How to complete this task: After locating the line with "मुख्यमंत्री श्री विष्णुदेव" below, output it and each following line exactly, stopping after the line with "The nBOX impresses". No pictures.

Records to use:
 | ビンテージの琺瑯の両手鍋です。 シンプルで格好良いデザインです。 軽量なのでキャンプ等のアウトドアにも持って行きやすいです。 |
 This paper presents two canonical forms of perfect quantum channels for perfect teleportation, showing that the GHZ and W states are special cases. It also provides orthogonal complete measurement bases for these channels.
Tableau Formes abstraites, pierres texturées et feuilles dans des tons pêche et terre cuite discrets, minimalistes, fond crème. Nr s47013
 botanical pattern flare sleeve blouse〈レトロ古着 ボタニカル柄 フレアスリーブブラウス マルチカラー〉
...
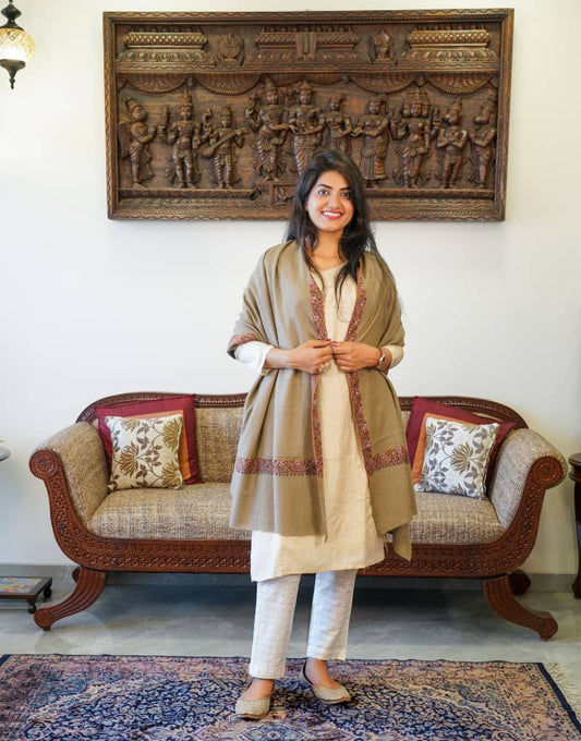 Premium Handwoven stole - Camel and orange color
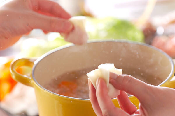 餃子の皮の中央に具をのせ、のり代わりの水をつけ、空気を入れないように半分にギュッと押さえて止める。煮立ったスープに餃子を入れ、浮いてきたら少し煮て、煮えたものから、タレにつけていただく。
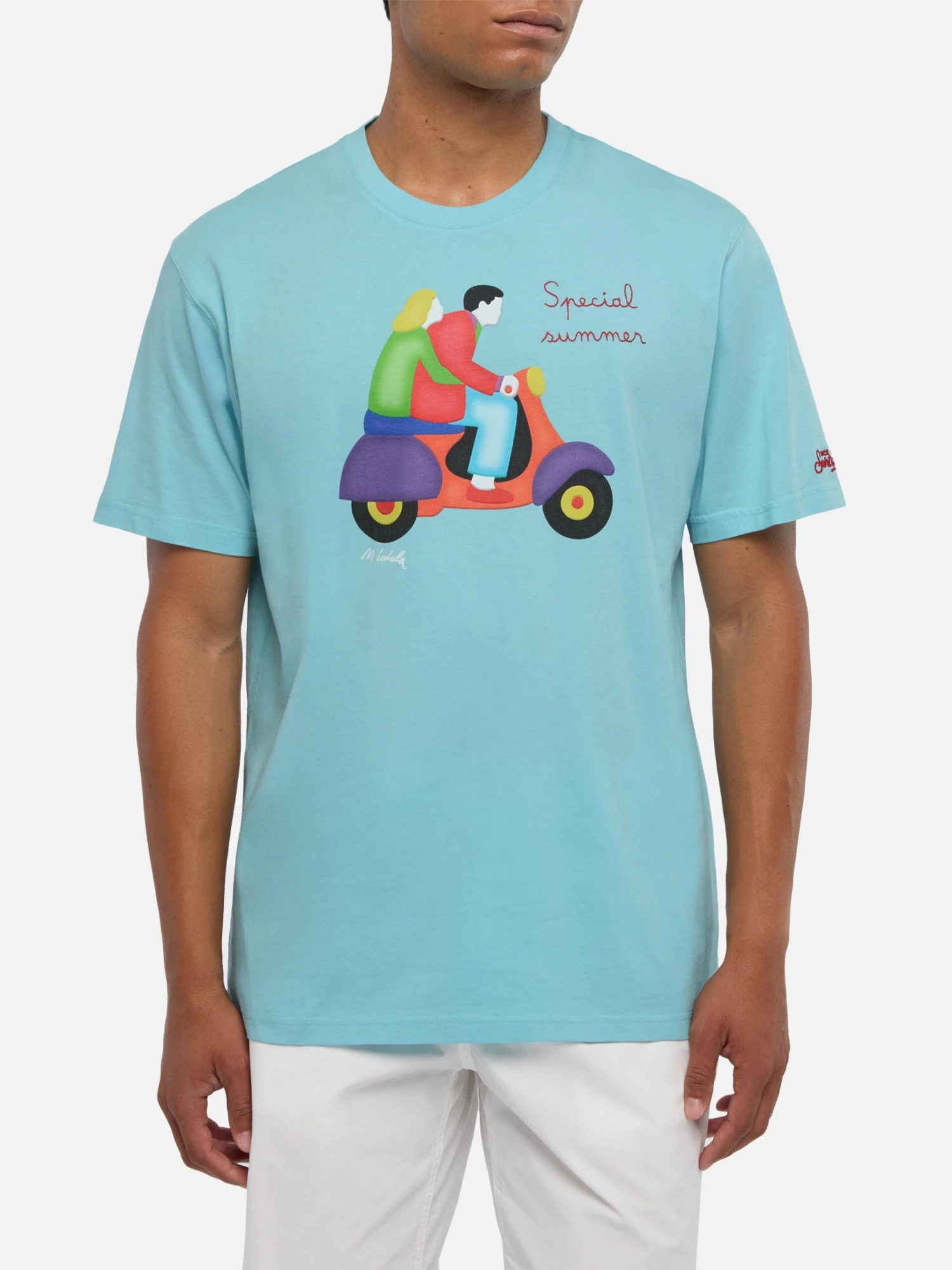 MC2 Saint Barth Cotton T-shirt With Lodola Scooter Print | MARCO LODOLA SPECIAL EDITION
---
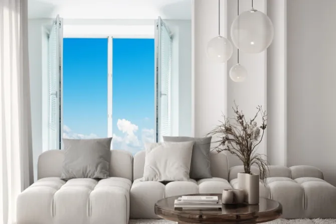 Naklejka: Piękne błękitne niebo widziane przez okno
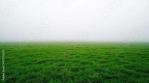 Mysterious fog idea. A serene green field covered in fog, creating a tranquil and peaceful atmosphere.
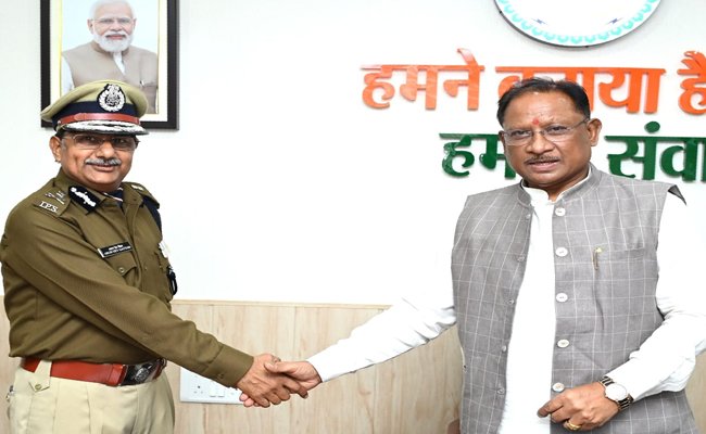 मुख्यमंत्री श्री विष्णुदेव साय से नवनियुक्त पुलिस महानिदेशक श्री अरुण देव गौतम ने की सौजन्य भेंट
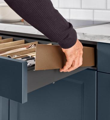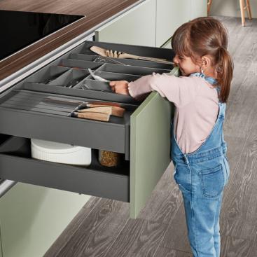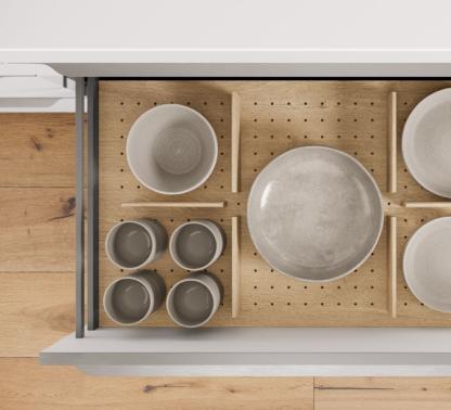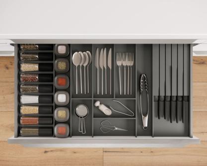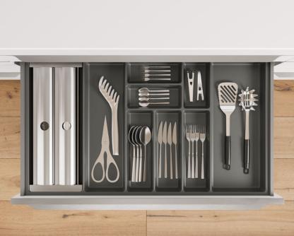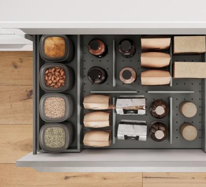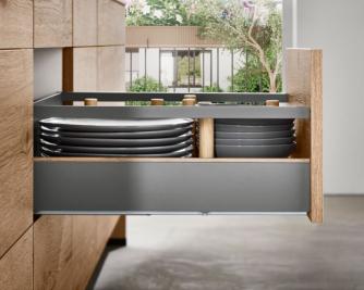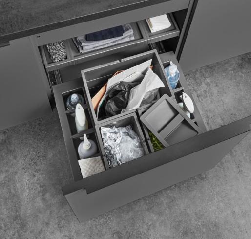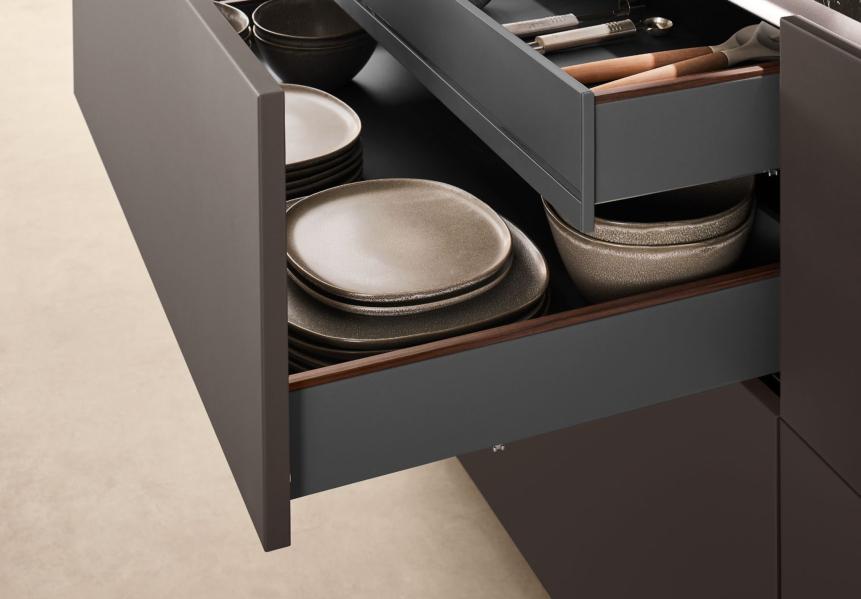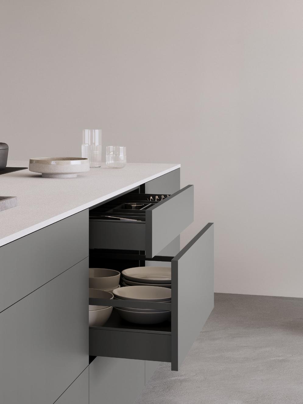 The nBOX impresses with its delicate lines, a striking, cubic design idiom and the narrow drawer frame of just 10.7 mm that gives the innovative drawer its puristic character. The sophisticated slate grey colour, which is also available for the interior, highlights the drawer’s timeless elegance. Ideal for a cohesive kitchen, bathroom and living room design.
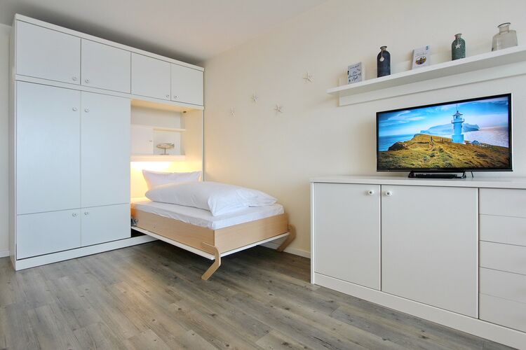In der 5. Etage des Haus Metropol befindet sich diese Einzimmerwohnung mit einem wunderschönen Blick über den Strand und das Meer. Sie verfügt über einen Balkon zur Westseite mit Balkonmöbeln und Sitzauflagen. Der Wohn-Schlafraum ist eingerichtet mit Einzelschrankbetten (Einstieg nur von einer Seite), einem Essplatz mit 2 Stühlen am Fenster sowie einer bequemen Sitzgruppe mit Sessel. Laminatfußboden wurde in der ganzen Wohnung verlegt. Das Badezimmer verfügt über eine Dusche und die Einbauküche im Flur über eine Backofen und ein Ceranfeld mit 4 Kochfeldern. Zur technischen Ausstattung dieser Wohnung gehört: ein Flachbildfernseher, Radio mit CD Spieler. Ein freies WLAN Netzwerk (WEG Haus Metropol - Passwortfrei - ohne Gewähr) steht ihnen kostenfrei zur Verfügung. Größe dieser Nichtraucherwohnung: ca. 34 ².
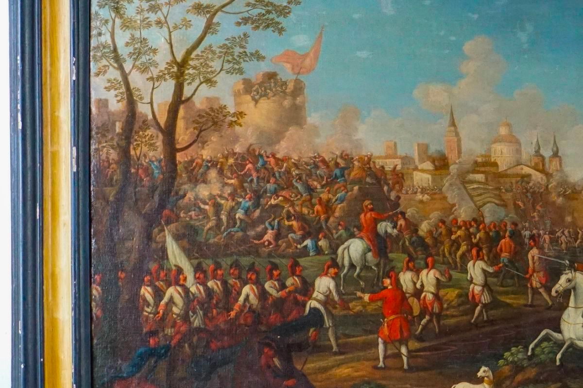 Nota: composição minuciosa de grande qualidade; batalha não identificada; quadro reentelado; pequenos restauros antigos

Answer for this exercise:
 मुख्यमंत्री श्री विष्णुदेव साय से नवनियुक्त पुलिस महानिदेशक श्री अरुण देव गौतम ने की सौजन्य भेंट
 The nBOX impresses with its delicate lines, a striking, cubic design idiom and the narrow drawer frame of just 10.7 mm that gives the innovative drawer its puristic character. The sophisticated slate grey colour, which is also available for the interior, highlights the drawer’s timeless elegance. Ideal for a cohesive kitchen, bathroom and living room design.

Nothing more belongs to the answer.